The direction of the U.S. economy will depend, to a large extent, on earnings and consumer spending, said Ladner.

“Today, (recession) is not our base case,” he said. “I’m not going to tell you it’s off the table, it’s probably a 40%-60% call, 40% we fall into a recession, 60% we miss it. For us it comes down to the behavior of the U.S. consumer—and the consumer is objectively in great shape from an employment standpoint, from a savings standpoint, a net-worth standpoint and a debt standpoint.”

People have the ability to spend, said Ladner, but the problem is that they feel awful—many measures of consumer sentiment have found the public in a poor mood and financially pessimistic.

If consumers shake off the funk and go on their summer vacations and spend, the economy will absorb what is likely to be an earnings slowdown, and financial markets have probably at the very least reached within 5% to 8% of their bottoms.

“On the other side, if they don’t spend, if they say ‘we’re going to go on strike, we’ve had enough and we’re scared,’ and they hunker down, if they do that an earnings recession is certain and a U.S. recession is the base case,” said Ladner. “Then we’re talking about another 20% or so that the markets go down before we’re able to find a bottom.”

Ladner doesn’t see the emergence of “stagflation,” as consumers aren’t hoarding goods like they would if they expected a perpetual spiral of higher inflation.

Goals-Based Solutions

Goals-based investing is focused on the needs and characteristics of individuals, said Ladner, while most widely recognized investing techniques and much of the language of investing have grown from institutional roots.

“In other words, goals-based investing is geared towards my mom, not geared towards my mom’s pension plan,” said Ladner. “My mom, at some point, will pass, but the pension plan will not. There’s time and a more finite nature to goals-based investing.”

 When time is incorporated into the investment process from a mathematical and philosophical standpoint, Ladner said that it becomes clear that a portfolio needs to do something different for early-career 25 year olds versus retired 75 year olds. In goals-based investing, the solutions to basic investment problems, like how to allocate assets to maximize return over risk, change over time.

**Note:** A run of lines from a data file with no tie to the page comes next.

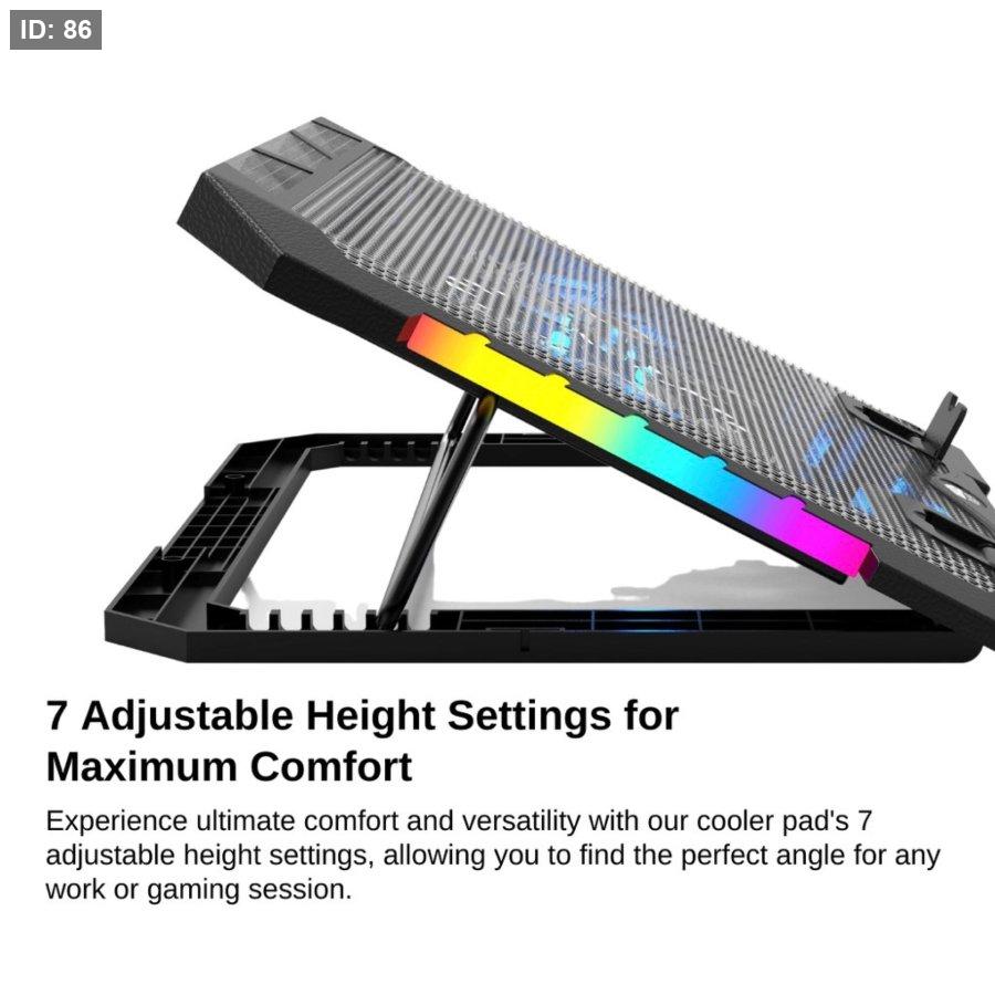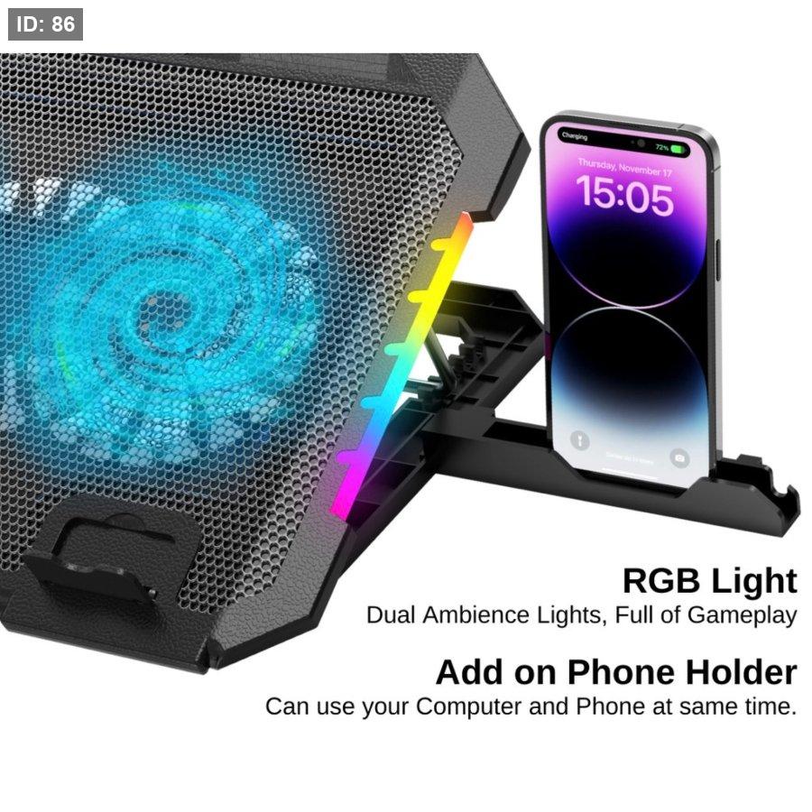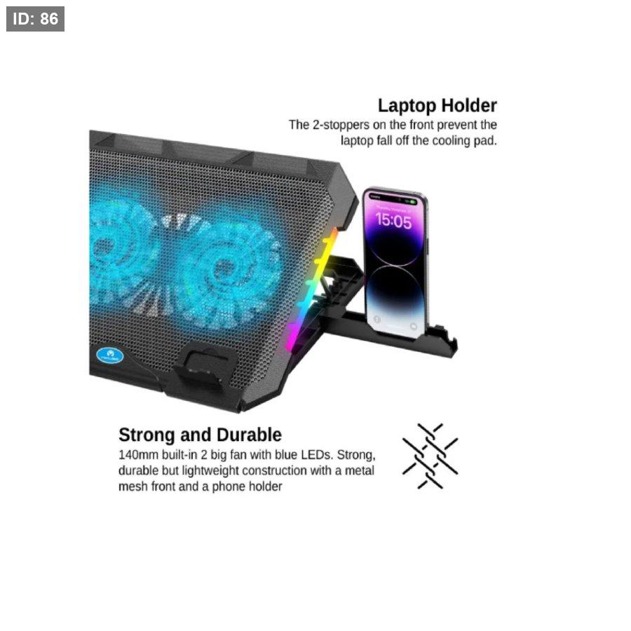 هي قاعدة تبريد مصممة لتحسين أداء أجهزة الكمبيوتر المحمولة، خاصةً أثناء الاستخدام المكثف أو ممارسة الألعاب. تتميز بتصميمها مع مروحتين قويتين وهادئتين، وهيكل خفيف ومتين مع سطح شبكي معدني يوفر تهوية جيدة. كما أنها قابلة للتعديل لزاوية مريحة وتتضمن إضاءة LED زرقاء.
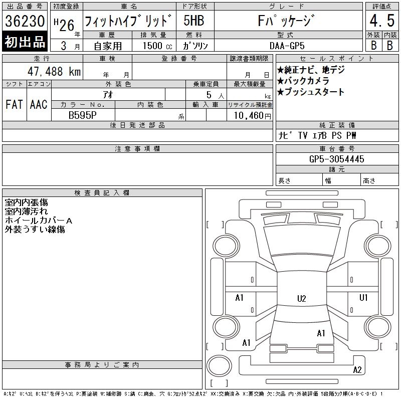 HONDA FIT HYBRID F PACKAGE - лот 36230
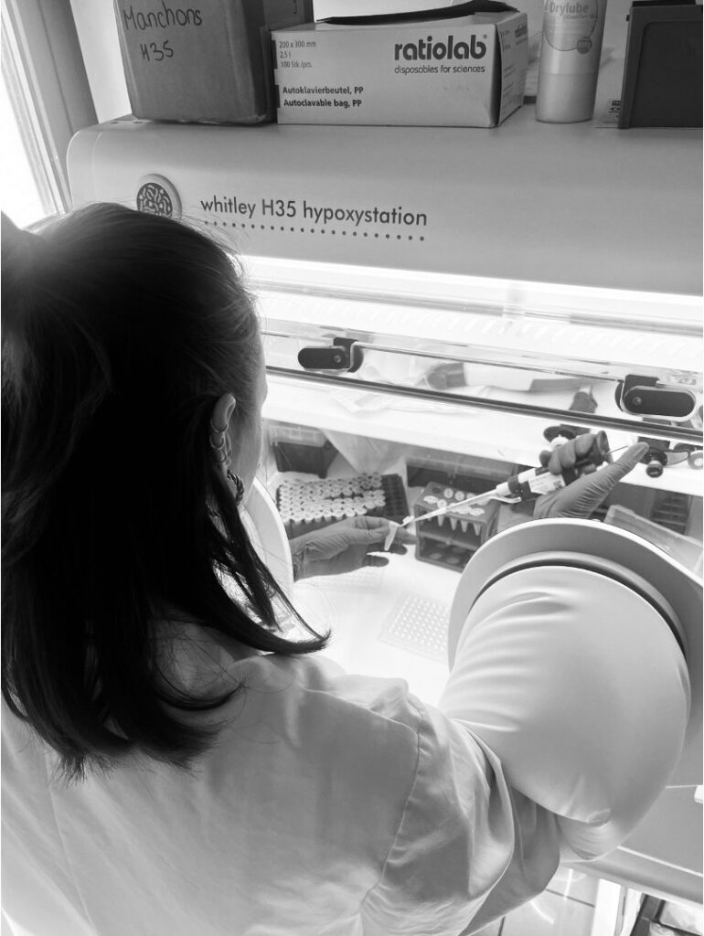 🔬Jean-Paul Motta and Mélissa Pannier from Institut de Recherche en Santé Digestive (Inserm) working on the impact of antimicrobial peptides secreted by human intestinal organoids on human microbiome biofilms.
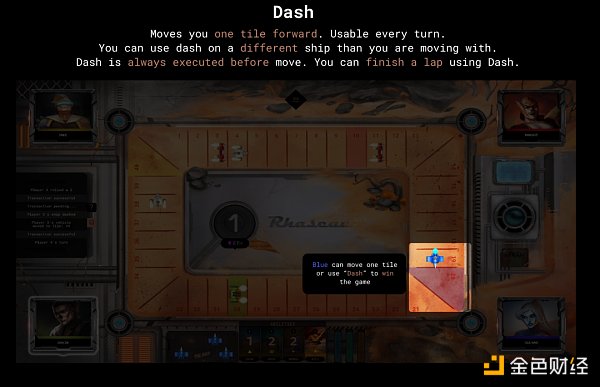 技能卡之Dash:在擲出的骰子點數外額外向前移動一格,每輪都可使用。
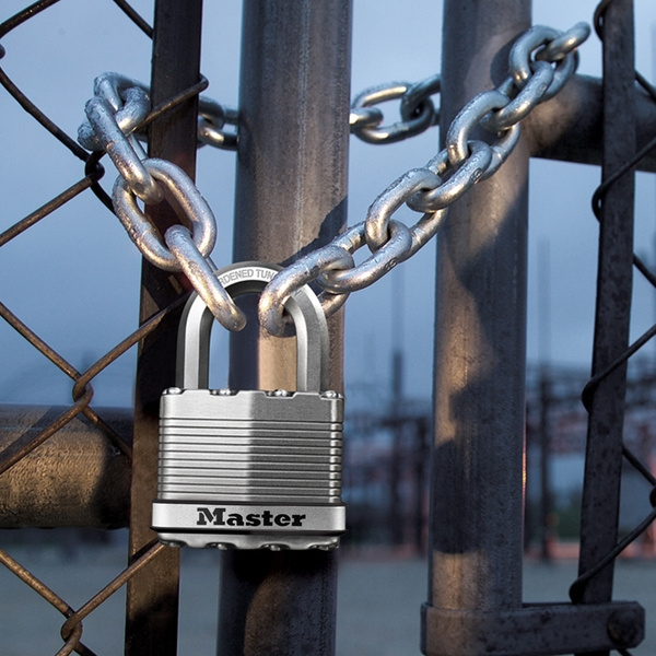 - Visací zámek o šířce 50 mm s tělem z vrstvené oceli zpevněný titanem pro vyšší odolnost a spolehlivost.
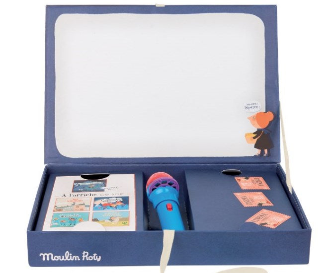 Tell your evening stories in an original way, thanks to this home theater! This box contains a stack of programs, movie tickets, a story flashlight and 5 disks each containing 8 slides that tell a story. The images can be projected on the screen of the box or directly on a wall.
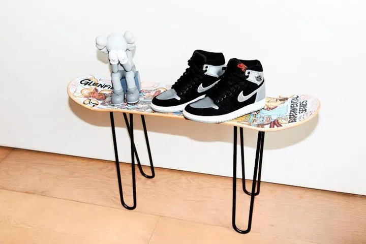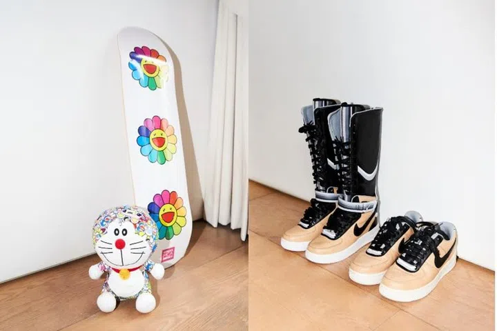 It's not just sneakers Seah loves — she also enjoys collectibles such as the Doraemon x Takashi Murakami for Uniqlo plush toy, and a Takashi Murakami x Complexcon skateboard deck (left). Right: NikeLab x Riccardo Tisci AF1 Knee Hi and Low Beige. The latter, one of her first pairs of sneakers.
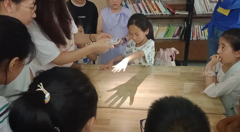 两天实践中,志愿者辅导作业、带孩子们跳起声势律动舞,用AI光影实验、皮影设计、剧本配乐等模块,让科技与非遗在童心中交汇。
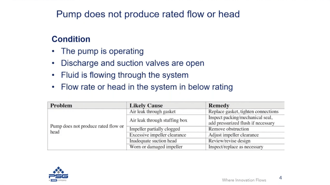 Is your centrifugal pump having trouble producing the rated flow or head? In this Centrifugal Pump Minute, James Farley, Senior Director of Product Management for Griswold, discusses the conditions and likely causes as to why this could be happening and provides remedies to troubleshoot the issue.
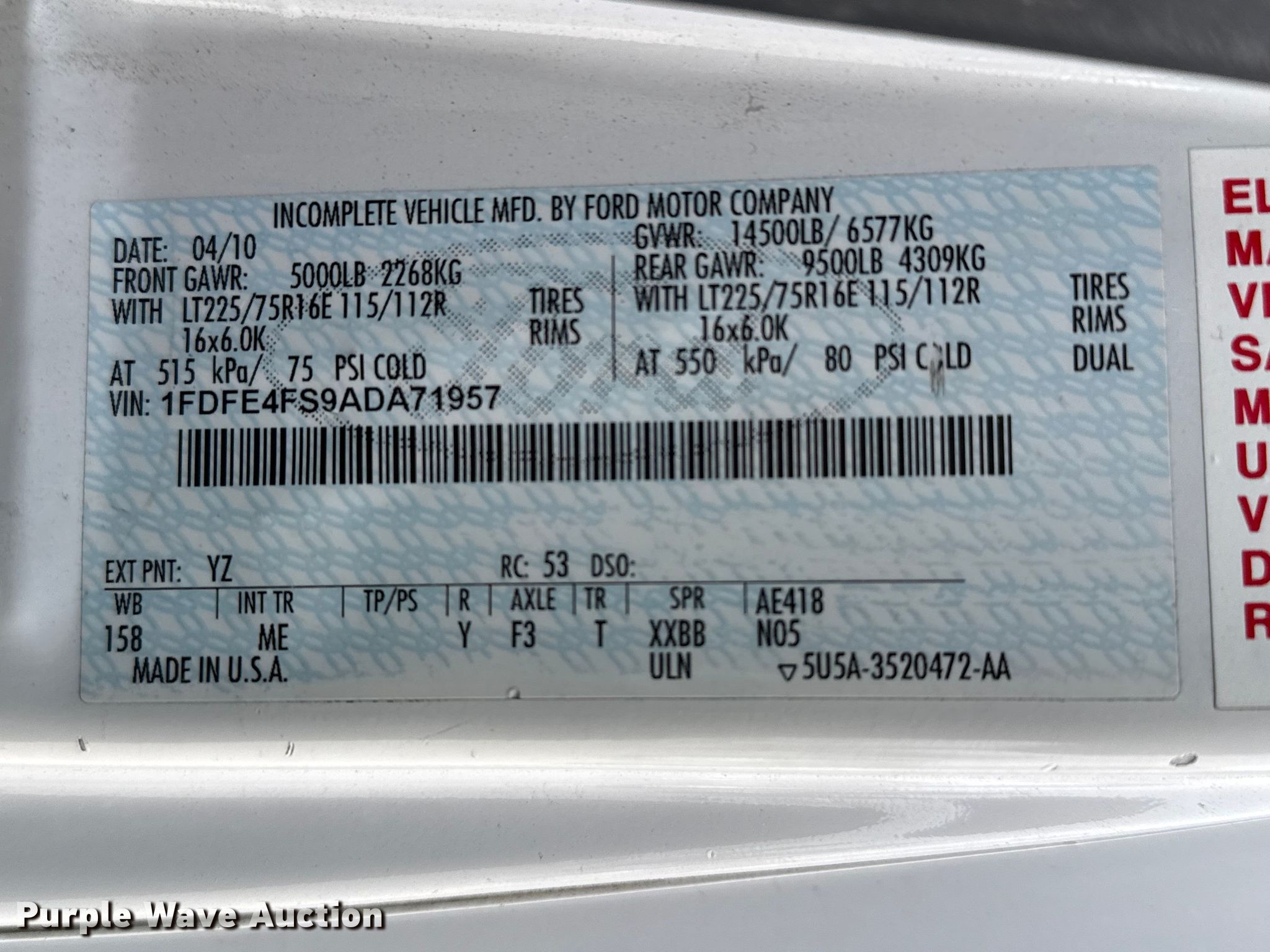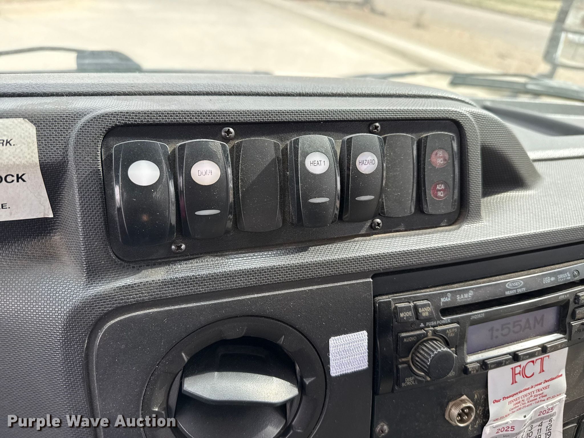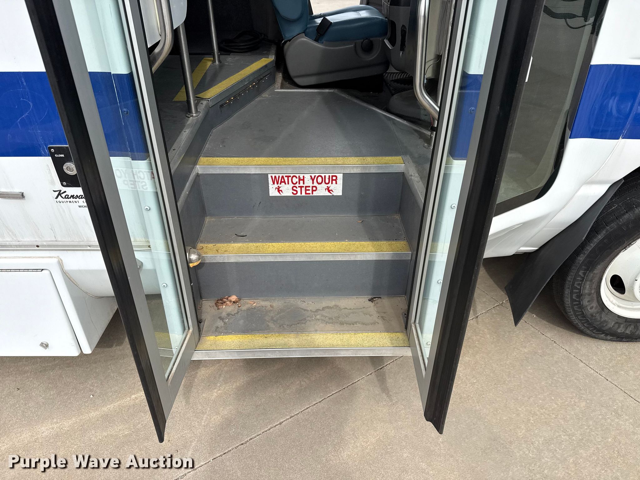 2010 Ford E450 Super Duty shuttle bus. Miles: 144,503 on odometer, VIN: 1FDFE4FS9ADA71957. Engine Displacement: 6.8L, Cylinders: 10, Fuel type: Gas. Transmission Automatic. Chassis Axles: Single, Suspension: Spring, Brakes: Hydraulic, GVWR: 14,500 lbs, Wheelbase: 158". Interior AC, Heat, Cruise control, Passengers: 16, Wheelchair lift. Tires Size: 225/75R16. Notes Jump start required during on-site data collection. Kansas title. Title distribution may be delayed up to 14 days from verification of funds. Finney County. Garden City, KS 67846

While financial planners build a plan using predictions for cash-flow needs and returns assumptions, goals-based asset managers like Horizon try to create investment strategies that act as a bridge between the plan and the portfolio.

“We invest with three tranches in mind, we call them gain, protect and spend,” said Ladner. In “gain,” the primary goal is to make money by generating returns. “Protect” represents a middle stage and a condensed time horizon around the time that money is actually needed, most commonly retirement. Within one to five years of the target date, a portfolio is most acutely exposed to sequence risk—the risk that even a temporary drop in value will lead to a shortfall in the future. The final stage, spend, describes the client in retirement or after their target date, when withdrawals of some kind need to be made to meet cash flow needs.

Addressing Risk

Ladner said that individuals’ perception of risk changes over time as well.

“When we talk about a gain strategy, where the primary goal is to make money, the primary risk is volatility and you’re trying to maximize return over volatility,” he said. “At the protect stage… the definition of risk is absolute loss—did my portfolio go down, and how much? If mom needs money in three years and she’s down 40%, I don’t care if the market is down 50%, because what matters is the measure of absolute loss or maximum drawdown.”

In the spend phase, the primary risk is longevity risk—the possibility of out-living a portfolio when it is being relied on for income.

Ladner said that, ideally, goals-based portfolios meet the needs of investors through all market conditions by ensuring that these different risks are addressed.